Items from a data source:
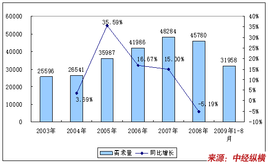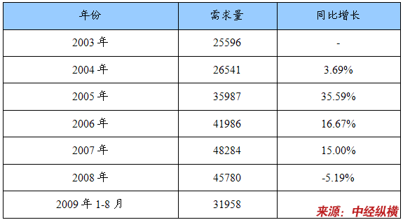 一、2003-2009年市场需求量
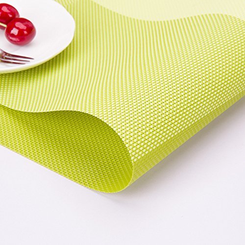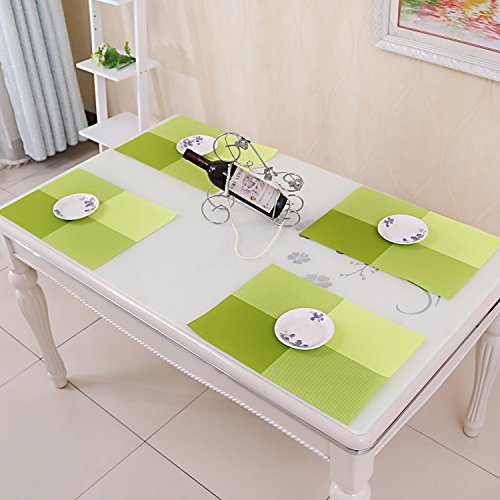 Table Mat iAnko Washable Environmental PVC Checkered Pattern Mats Heat Adiabatic Pad Placemats Set of 4 (Green)
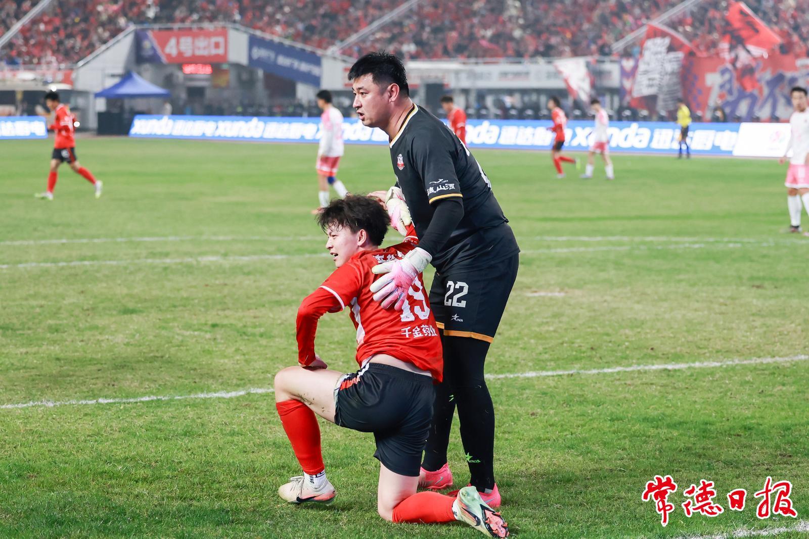 赛场上,激烈的拼抢中,对方球员摔倒在地,常德队门将王峰琦扶起对方。这暖心的举动,传递了竞技体育中超越胜负的温暖与善意
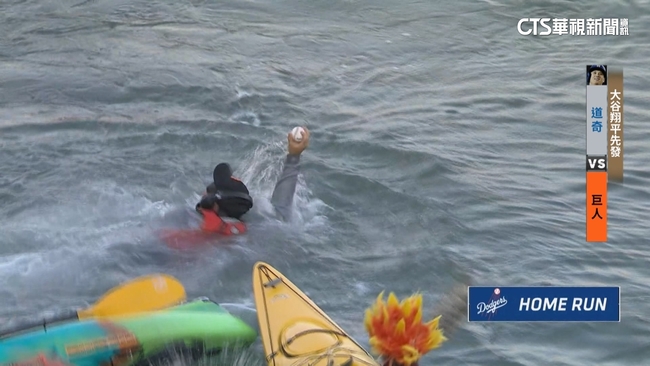 美國職棒看華視!洛杉磯道奇球星大谷翔平,今(12)日再度開轟,敲出本季第32支全壘打,這一球直接飛越球場,落進舊金山巨人主場甲骨文球場右外野的麥考維灣。轉播畫面也捕捉到,現場有球迷為了撿這顆大谷的全壘打球,直接跳下船搶球,最後成功高舉戰利品炫耀,而另一艘船上的球迷,甚至因此翻船。
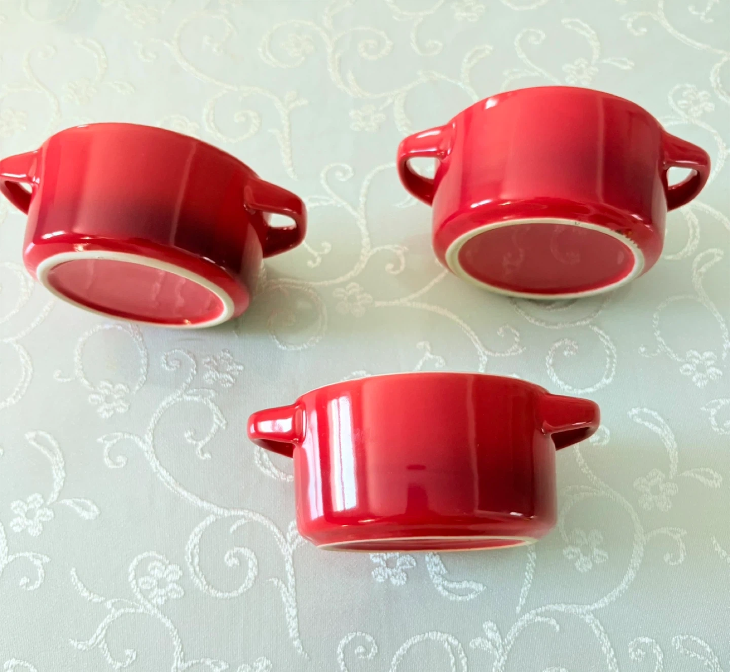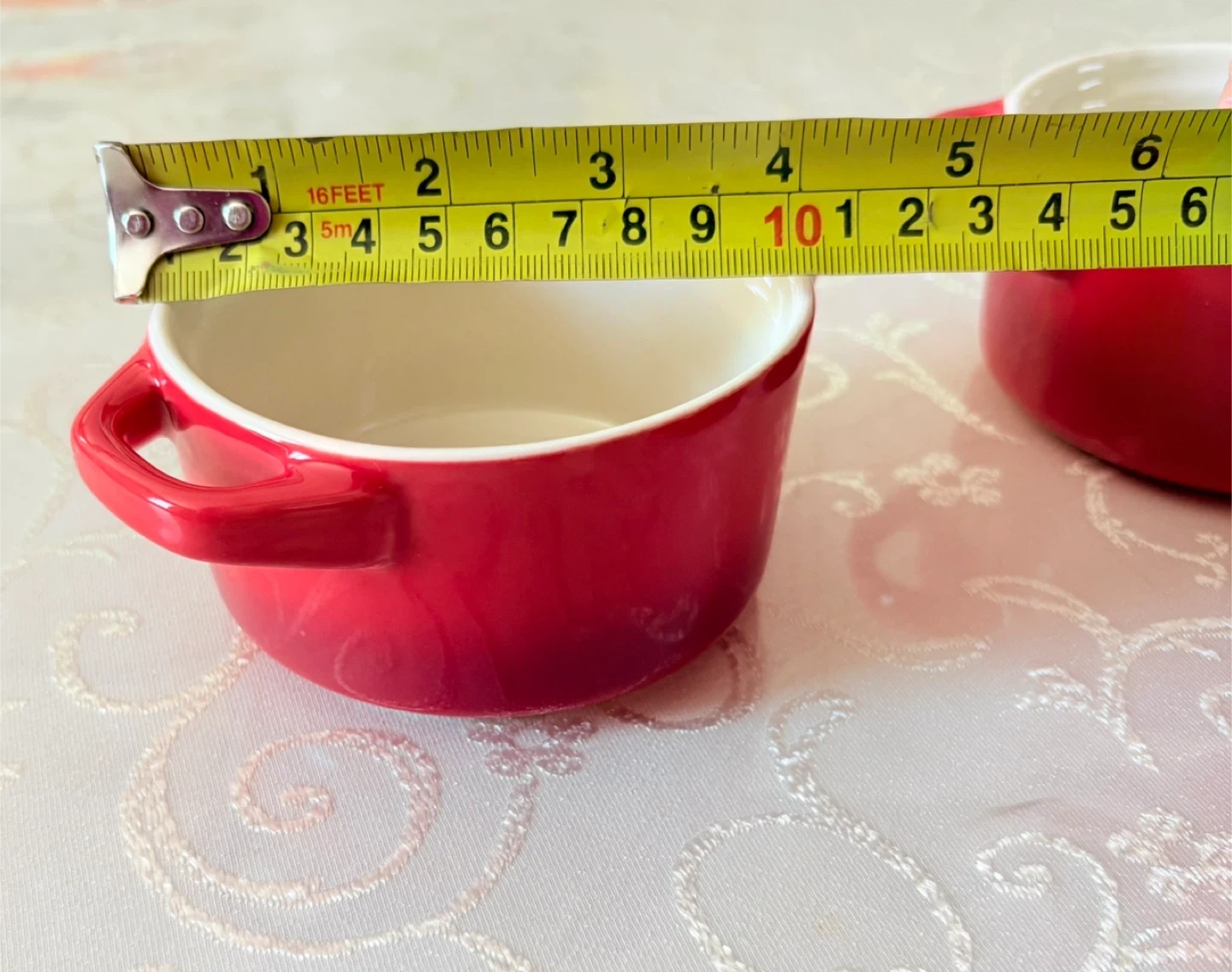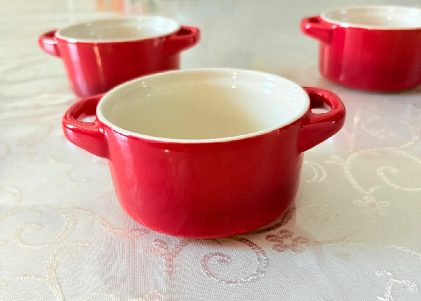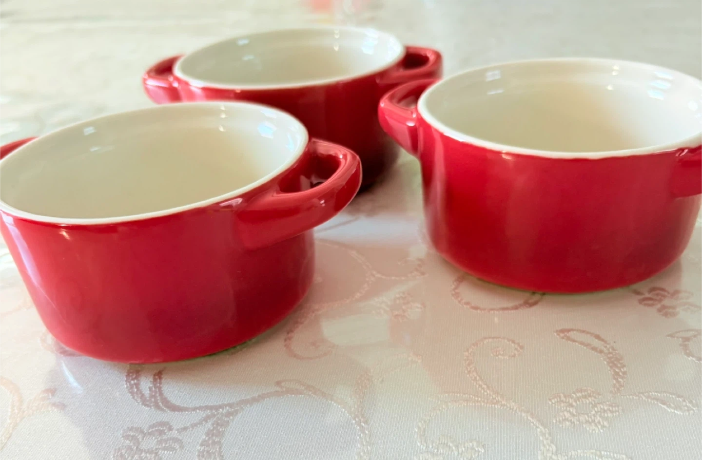 This set includes three red ceramic ramekins. They're perfect for individual servings of desserts or dips. Each ramekin has two small handles for easy carrying.

(What is needed) Excluding the pictures, transcribe all of the entries exactly.

(Task response)
 一、2003-2009年市场需求量
 Table Mat iAnko Washable Environmental PVC Checkered Pattern Mats Heat Adiabatic Pad Placemats Set of 4 (Green)
 赛场上,激烈的拼抢中,对方球员摔倒在地,常德队门将王峰琦扶起对方。这暖心的举动,传递了竞技体育中超越胜负的温暖与善意
 美國職棒看華視!洛杉磯道奇球星大谷翔平,今(12)日再度開轟,敲出本季第32支全壘打,這一球直接飛越球場,落進舊金山巨人主場甲骨文球場右外野的麥考維灣。轉播畫面也捕捉到,現場有球迷為了撿這顆大谷的全壘打球,直接跳下船搶球,最後成功高舉戰利品炫耀,而另一艘船上的球迷,甚至因此翻船。
 This set includes three red ceramic ramekins. They're perfect for individual servings of desserts or dips. Each ramekin has two small handles for easy carrying.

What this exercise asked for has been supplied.